In the next step of the query tree, a filter was added for 403. Now we can see the source IP addresses of the unauthorized requests from anonymous users. The suspicious IP list has already been started here, where they were added as artifacts.
With the query tree, we can easily access the cached searches to explore the data. We can compare with the 200 requests or change the timeframe and rerun queries to gather more data. This allows for horizontal searching throughout different data sources, and the queries are automatically saved as new branches and nodes.
Now that we know there is unauthorized activity, we want to look at database integrity. Along with these suspicious requests, we should also look at the span data. This was created in a new query tree.
The net was cast wide to view all of the span data, then narrowed down to the span data not found in our other log data. Again, to focus on the important data, the fields were limited to the databases involved, the system, name, operation, and the statement. The nulls are filtered out, and now we can focus on data that relates to a database system.
There are MongoDB, MySQL, Oracle, and Redis queries. Let’s look through these and see if we can identify any issues. There are “finds” for Mongo, but those look benign. Here are some statements that are making inserts into permissions, which could be a concern. Is it internal work being done or is it nefarious? This is something we should follow up on. Let’s get the database service and add a note to check into it later.

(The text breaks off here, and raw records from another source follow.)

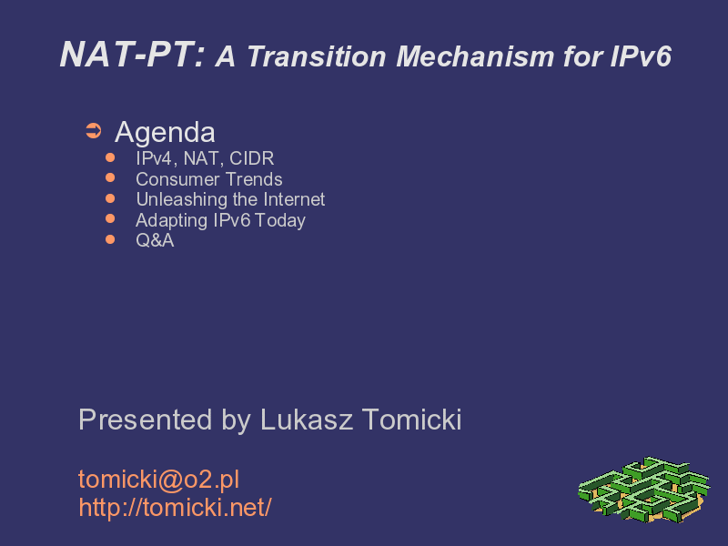 In today’s presentation I will tell you a bit about IPv6, the reason you might considers using v6, a number of simple transition scenarios, and finally the usage of NAT-PT as part of your transition strategy.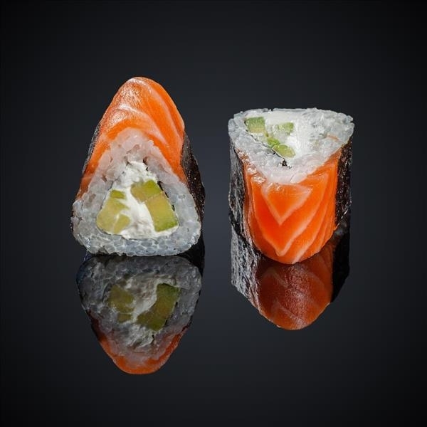 Состав: лосось, авокадо, сыр “Cremette”, нори, рис .
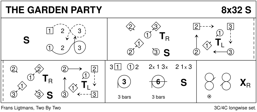 Level: advanced. "For Rik and Claire de Vroome, whose house and garden are very often open to their dance-friends". When danced to recorded music, any good strathspey would do, but I prefer a softer one, as there are many circles in this dance.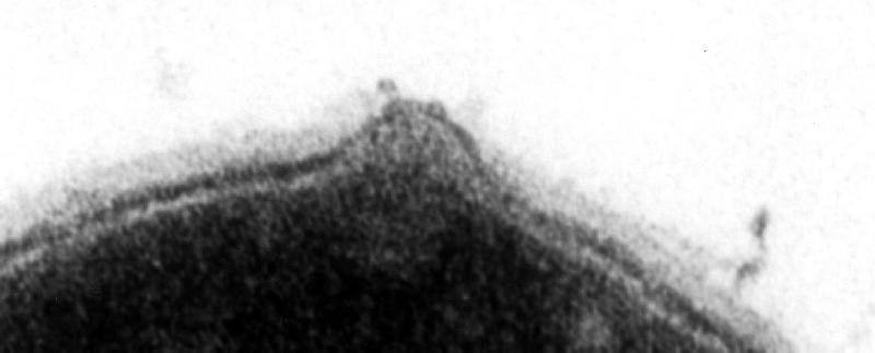 Seconds after treating S. pyogenes with PlyC lysin a weakness is seen in the cell wall showing the membrane beginning to push through.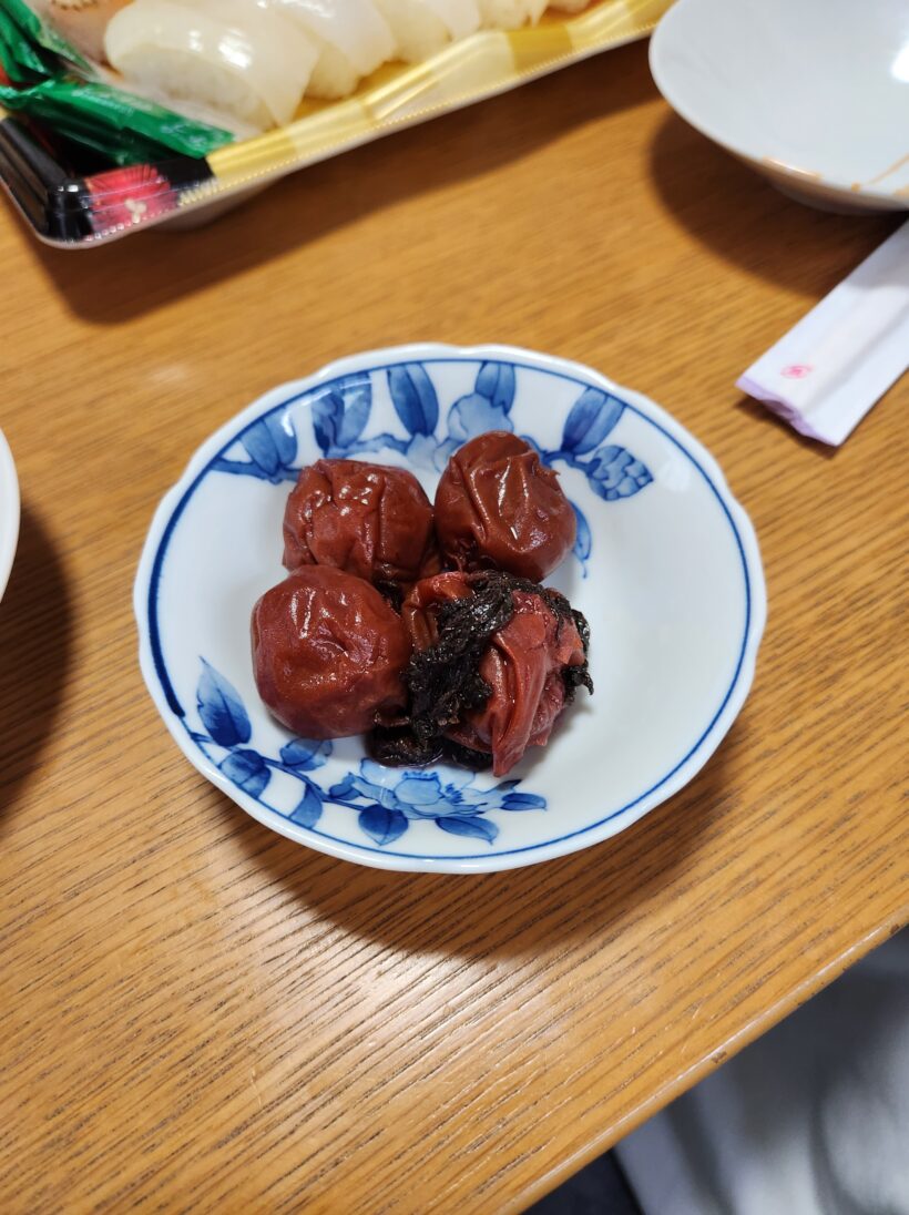 お正月は夫の実家にご挨拶に行き昼ごはんをご馳走になったのですが、その時におばあちゃんお手製の梅干しをいただきました。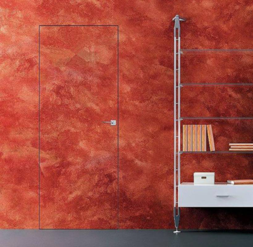 Пятое достоинство. Вариации отделки. Двери скрытого монтажа можно выполнять не только в стандартном дверном исполнении, но и покрывать декоративной штукатуркой или обклеивать обоями. Это могут быть двери под покраску или в конце концов под роспись. На самом деле количество используемых материалов практически неограниченно. Вы можете использовать всё, что вообще используется при отделке.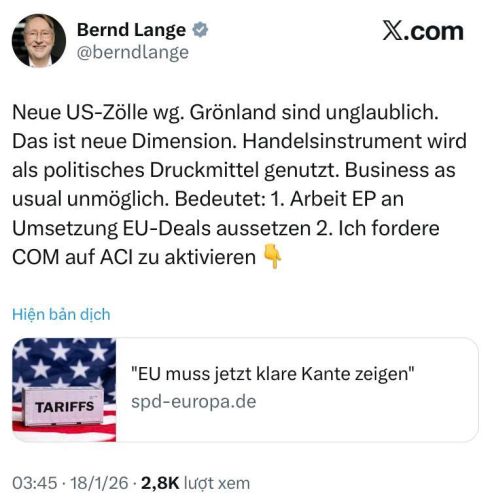 Ông Bernd Lange, Chủ tịch Ủy ban Thương mại của Nghị viện Châu Âu, khẳng định tôn trọng chủ quyền quốc gia là điều kiện tiên quyết của mọi cuộc chơi. Ông kêu gọi tạm dừng mọi thỏa thuận cho đến khi các mối đe dọa chấm dứt, đồng thời đề xuất EU kích hoạt "công cụ chống cưỡng chế" (ACI) – một vũ khí pháp lý hạng nặng chưa từng được sử dụng – để đáp trả sòng phẳng nếu cần thiết.

These events can be filtered by the Dynatrace entity to take a closer look at the service. This shows that several events made the same insert statement. This observability data has narrowed our focus to something that could be an indicator of an attack.
Moving within the query tree, we can expand beyond database activity and broaden the scope to include the http POSTS and GETS. Now we can start to look for specific objects, such as the http methods, and target them.
If we pull out a trace ID, we can see a correlation across full transactions because the spans align based on the trace id or entity service. Filter by that entity service we noted and clean up nulls from the http targets. Looking at specific entity data for that service using the same trace ID, we see that most of it looks benign.
However, this one is accessing jsp reports. If we search online, we find “reports dot jsp” isn’t something an external user should be posting or getting. A Godzilla web shell is associated with the attack, which is an incredibly destructive attack.
Using all this observability data together with traced attributes across logs and events, we’re able to drill down through the service and host levels to pinpoint the problem which is a Godzilla web shell present in our environment.